Vanilla Bean Cream Cheese Frosting 

Yields 1 1/2 cups frosting 


  • 1/2 cup coconut oil, melted
  • 1 scoop vanilla protein powder
  • 5 drops Now Foods liquid stevia* optional
  • 3-4 tablespoons honey or maple syrup 
  • 1/2 cup cream cheese (light or regular) or vegan non-dairy alternative
  • 1 teaspoon vanilla bean paste or beans for 1 vanilla pod


  1. Add melted coconut oil and protein powder into a medium mixing bowl and mix together with a mixer
  2. Add in remaining ingredients and mix until mixture is fluffy, creamy and smooth
  3. Refrigerate to allow icing to set before use 

That's it! Assemble the layers using the frosting (you can also double the batch of frosting and use it to ice the middle layer but I was lazy and used whipped topping instead!)

Did you know I cried during this cake? I was really tired from fasting and making stupid decisions. I frosted it too fast and lost a bunch of icing as it dripped off and I broke the cake when getting it out of the pan. So I cried and cried. But in the end, it all worked out.

The cake alone is beautiful:

Thanks to these carrots that my mom and I drove around the city for (Canada Day everything was closed, DOH!)

Step 1 Middle Layer Down:

Step 2 SQUISH:

Step 3 FROST: 

Step 4 Go NUTS. Literally:

I garnished with walnuts, roasted coconut, shredded coconut and a few raisins! As well as a small amount of chopped white chocolate.

I really loved the colours here. Muted but distinct. 

Simply stunning. The first slice!

I cut the piece to small and it fell over.. womp womp wompppp. 
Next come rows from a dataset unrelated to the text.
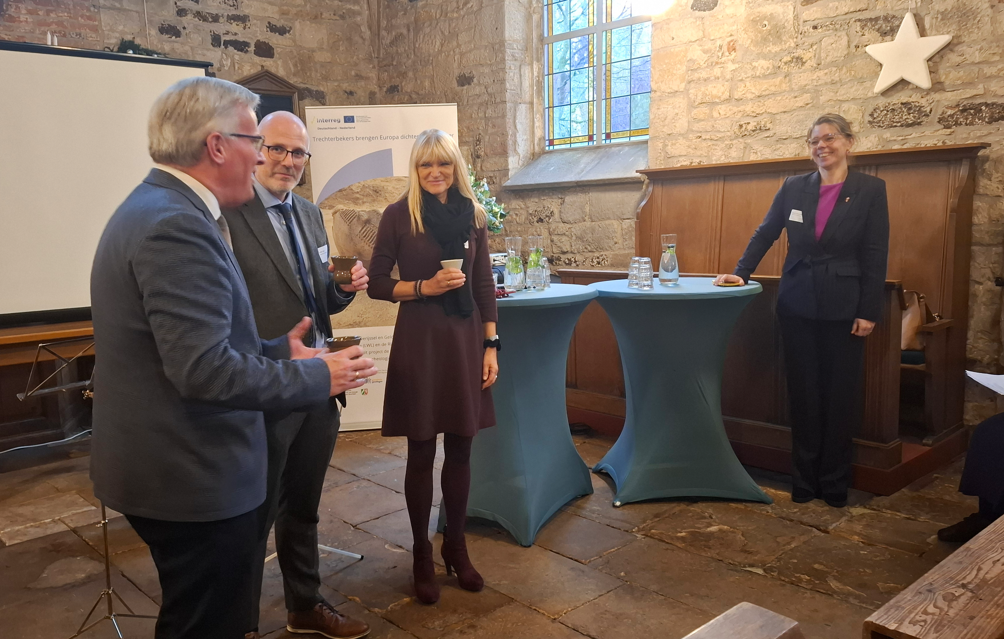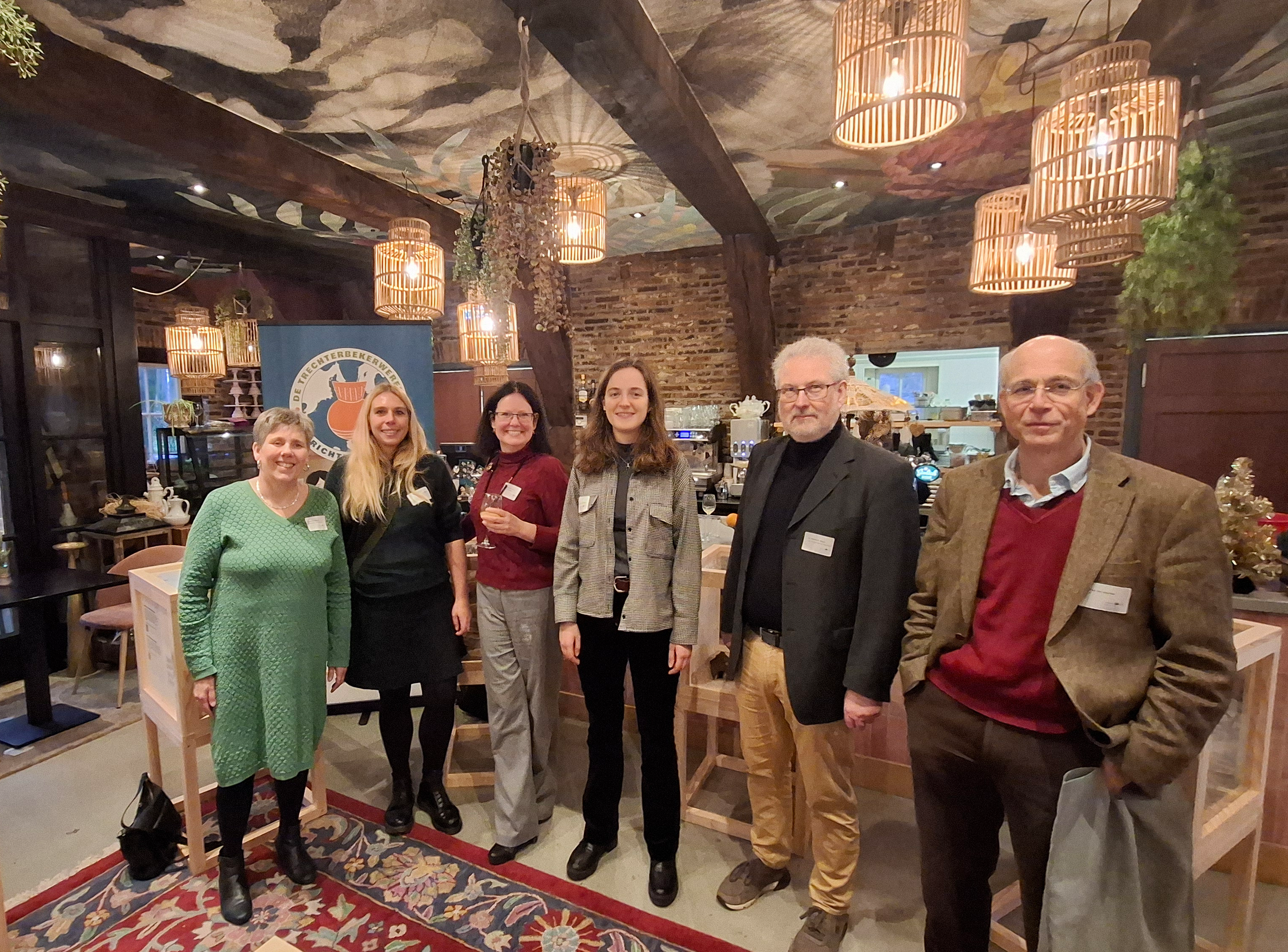 Nach einer Begrüßung durch Gert Harm ten Bolscher, Abgeordneter der Provinz Overijssel, nahmen wir ein kleines Mittagessen mit niederländischen Spezialitäten zu uns. In zwangloser Runde tauschten wir uns dabei über typische Weihnachtsbräuche und Festessen aus. Die weihnachtliche Stimmung setzte sich anschließend im zweiten Teil der Veranstaltung fort: In der adventlich geschmückten Stiftskirche erwartete uns ein Plenum zu den Erfolgen und Zielen des Trichterbecher-Projekts. Die Moderation übernahm unsere Kollegin Ingrid Groenewegen. Zur Erleichterung der Kommunikation war eine Echtzeit-Dolmetscherin vor Ort, deren Übersetzung über bereitgestellte Kopfhörer empfangen werden konnte. Ein Ensemble junger niederländischer Musiker*innen, die beide in Deutschland studiert hatten, sorgte für musikalische Begleitung. Neben einzelnen Projektmitarbeiter:innen kamen auch verschiedene Stakeholder:innen zu Wort. So äußerte Dr. Barbara Rüschoff-Parzinger, Kulturdezernentin des LWL, ihre persönliche und wissenschaftliche Freude über den deutsch-niederländischen Austausch. Ten Bolscher betonte den Wert grenzübergreifender Zusammenarbeit. Als Mike Rose, der Förderbeauftragte der Universität Groningen, zu Wort kam, waren wir Deutschen ganz aufgeregt: Niederländisch mit englischem Akzent konnten wir wunderbar verstehen!
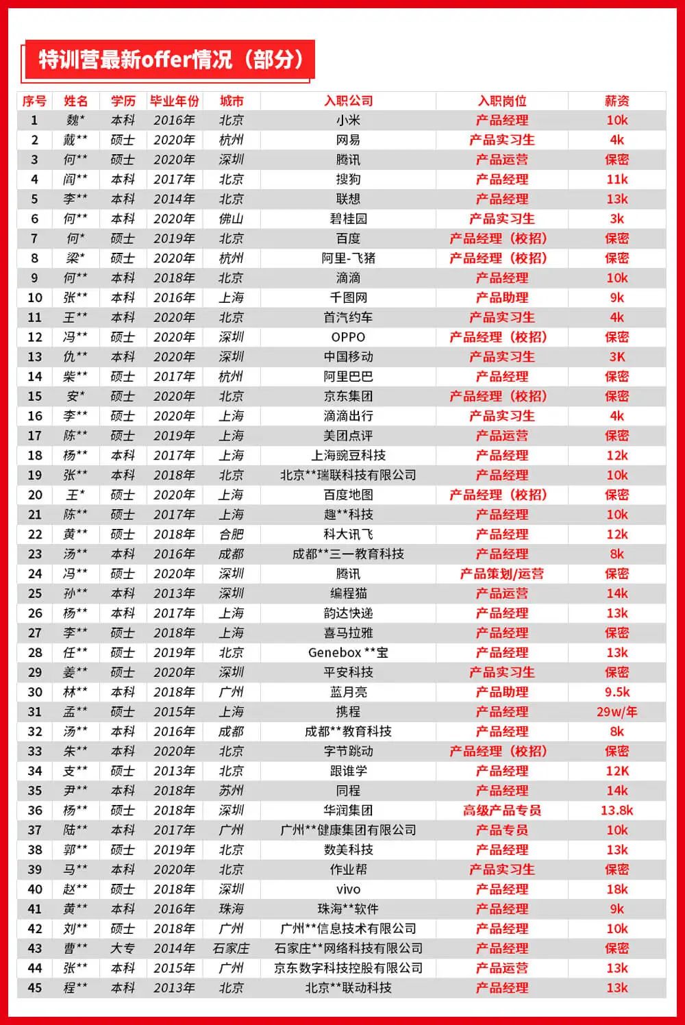 除了文中的李同学之外,特训营还曾帮助许多同学们拿下offer,以下是部分清单:
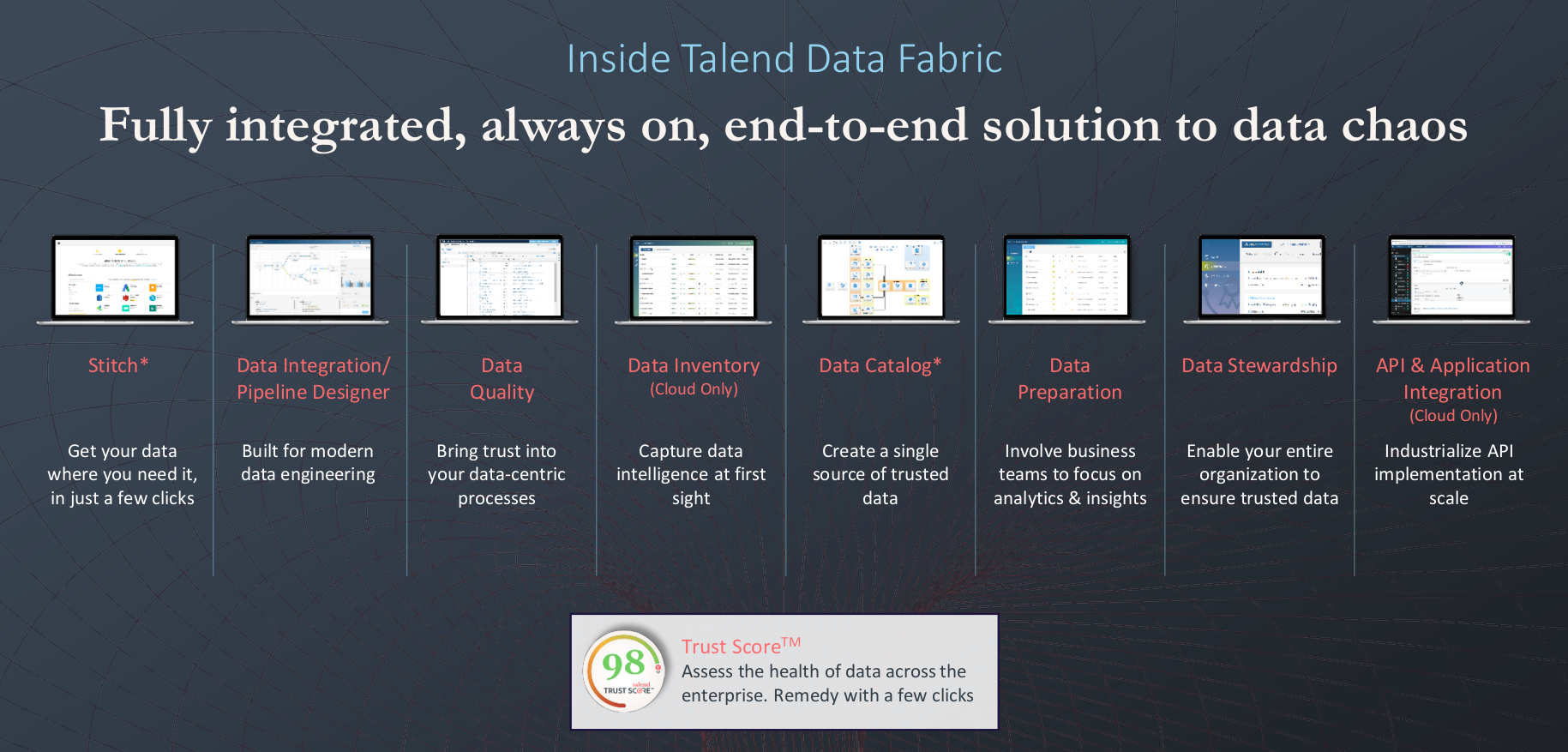 Talend es una plataforma que cubre todo el proceso de ingesta, data quality, tratamiento y gobierno del dato.

But it was still perfection.

Crumbly, moist, tender perfection.

I really hope you take the time to try out this recipe. Or the protein bars (most popular post on the blog!). I promise you won't be disappointed. It's comforting without being heavy or cloyingly sweet. It's the perfect treat during Ramadan or any time, really!
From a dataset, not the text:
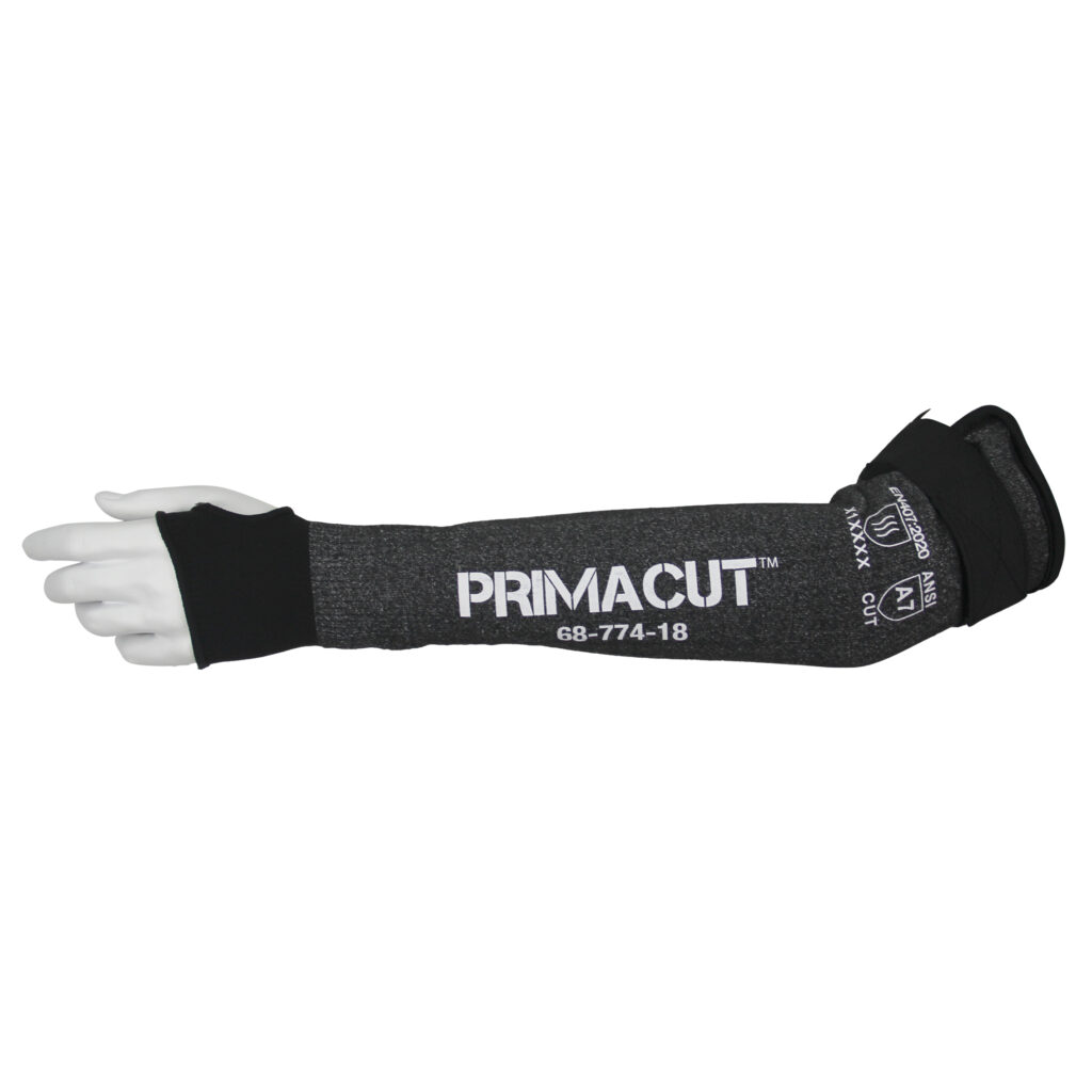 | • 18" HPPE sleeves deliver heavy-duty ANSI A7 cut resistance with heat dissipation, abrasion, tear resistance, and soft, breathable comfort. • Designed with adjustable Velcro closure and nylon thumbloops for a secure fit; washable without losing protective properties. |

Fun may have noticed the cake stand changed. That would be because I dropped the cake slightly and made a huge mess and had to switch stands. See, I told you there were tears. 
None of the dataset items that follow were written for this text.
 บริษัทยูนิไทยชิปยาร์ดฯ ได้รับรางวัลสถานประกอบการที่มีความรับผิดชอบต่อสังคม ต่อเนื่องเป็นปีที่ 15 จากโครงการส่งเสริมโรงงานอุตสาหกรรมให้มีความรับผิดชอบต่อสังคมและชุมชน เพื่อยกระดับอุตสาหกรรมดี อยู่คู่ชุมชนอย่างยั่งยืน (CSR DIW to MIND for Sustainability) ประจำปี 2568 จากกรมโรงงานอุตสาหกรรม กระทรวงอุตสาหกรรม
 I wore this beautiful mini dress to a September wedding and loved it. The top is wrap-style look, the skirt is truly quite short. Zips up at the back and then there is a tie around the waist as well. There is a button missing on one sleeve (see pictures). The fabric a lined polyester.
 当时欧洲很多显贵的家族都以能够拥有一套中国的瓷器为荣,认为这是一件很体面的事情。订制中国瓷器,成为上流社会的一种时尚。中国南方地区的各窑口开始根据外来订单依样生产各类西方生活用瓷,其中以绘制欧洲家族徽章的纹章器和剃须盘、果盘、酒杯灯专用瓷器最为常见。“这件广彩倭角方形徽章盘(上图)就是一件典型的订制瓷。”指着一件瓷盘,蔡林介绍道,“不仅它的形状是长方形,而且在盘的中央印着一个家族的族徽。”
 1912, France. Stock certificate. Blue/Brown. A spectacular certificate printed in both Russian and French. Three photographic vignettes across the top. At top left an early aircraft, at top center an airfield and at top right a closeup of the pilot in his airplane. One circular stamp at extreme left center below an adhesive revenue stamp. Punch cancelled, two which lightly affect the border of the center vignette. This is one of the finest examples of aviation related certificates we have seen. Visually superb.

And thank you, Mom. For taking me out and driving me around to look for carrots even though I was hangry and all around unpleasant to be around. This cake is for you. 

Hope you had a wonderful Canada and are having a blessed Ramadan.



  1. If I wanted to use flax eggs, how would you do that since you cannot separate them?

    1. Hi Ani! I have made this cake without separating eggs before and it works great! I would say just add the flax eggs to the wet mixture and so you don't have to worry about separating them!